I'm having a bit trouble proving this statment
Given a permutation $ \sigma \in A_n $ such that its cycle decomposition contains only odd and different length cycles, prove that every member in its centralizer is even.
In other words..
If $ \sigma \in A_n $ : $ \sigma = c_1c_2...cs$ where $c_1,c_2,...,c_s$ are disjoint permutation of odd length such that $length(c_i) \neq length(c_j)$ if $ i \neq j $, then every member of C($\sigma$) is even.
Any idea?
Couple of preliminary observations:
First note that $\rho\in C_{S_n}(\sigma)$ if, and only if $\rho\sigma\rho^{-1}=\sigma$. Next, if $\sigma=(a_1,\ldots,a_k)$, then $\rho\sigma\rho^{-1}=(\rho(a_1),\ldots,\rho(a_k))$. Now, if $\sigma=\sigma_1\sigma_2\cdots\sigma_k$ is a product of disjoint cycles of length $\ell_1\geq\cdots\geq \ell_k$, then $$\rho\sigma\rho^{-1}=\rho\sigma_1\rho^{-1}\rho\sigma_2\rho^{-1}\cdots\rho\sigma_k\rho^{-1}$$ is again a product of disjoint cycles of length $\ell_1\geq\cdots\geq\ell_k$. In particular, $\rho\sigma\rho^{-1}=\sigma$ if, and only if, $\rho$ either cyclically permutes the entries of each $\sigma_i$, or $\rho$ permutes cycles of the same length (i.e. $\rho\sigma_i\rho^{-1}=\sigma_j$ with $\ell_i=\ell_j$).

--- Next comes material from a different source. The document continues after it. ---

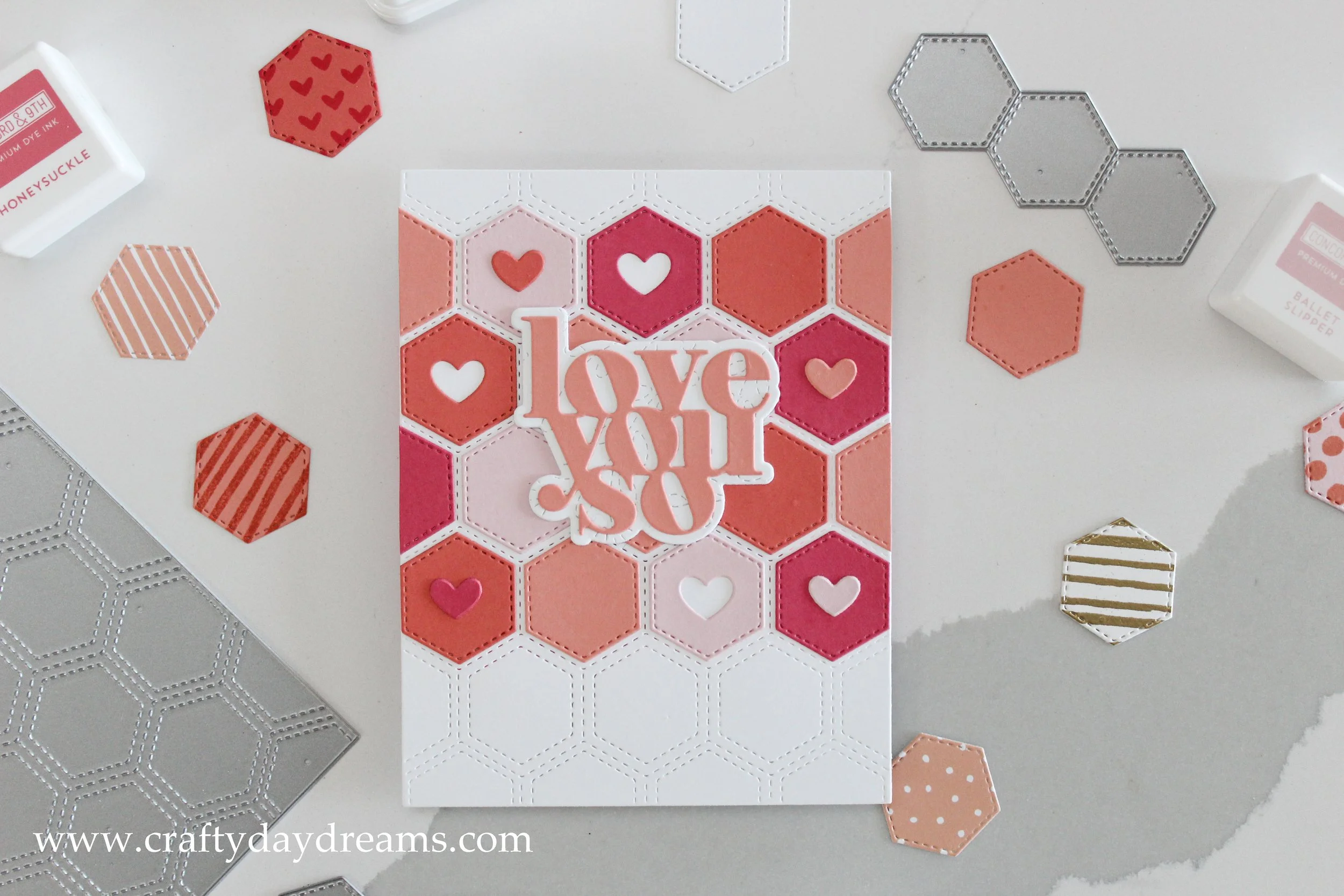 I pulled the ‘love you so’ sentiment from my stash, which was die cut from Grapefruit for the words, and the shadow layer out of a white panel die cut with the Stitched Vines card front. I like that this brings a subtle stitched aspect to the greeting to tie it into the background. I finished the card off by taking the extra hearts from the heart cut out hexagons and placed them randomly. I really like how this card turned out, and how clean and simple it is!

Now, under the assumption that $\sigma=\sigma_1\cdots\sigma_k\in A_n$ with $\ell_1>\cdots>\ell_k$ and all $\ell_i$ odd, it follows that $\rho\sigma\rho^{-1}=\sigma$ if, and only if, $\rho\sigma_i\rho^{-1}=\sigma_i$ for all $i$, so $\rho$ cyclically permutes the entries in each $\sigma_i$. It follows that $\rho\in\langle \sigma_1,\ldots,\sigma_k\rangle$, so $C_{S_n}(\sigma)=\langle \sigma_1,\ldots,\sigma_k\rangle$. But, since $\ell_i$ is odd, $\sigma_i\in A_n$ for each $i$. Hence, $C_{S_n}(\sigma)\subset A_n$.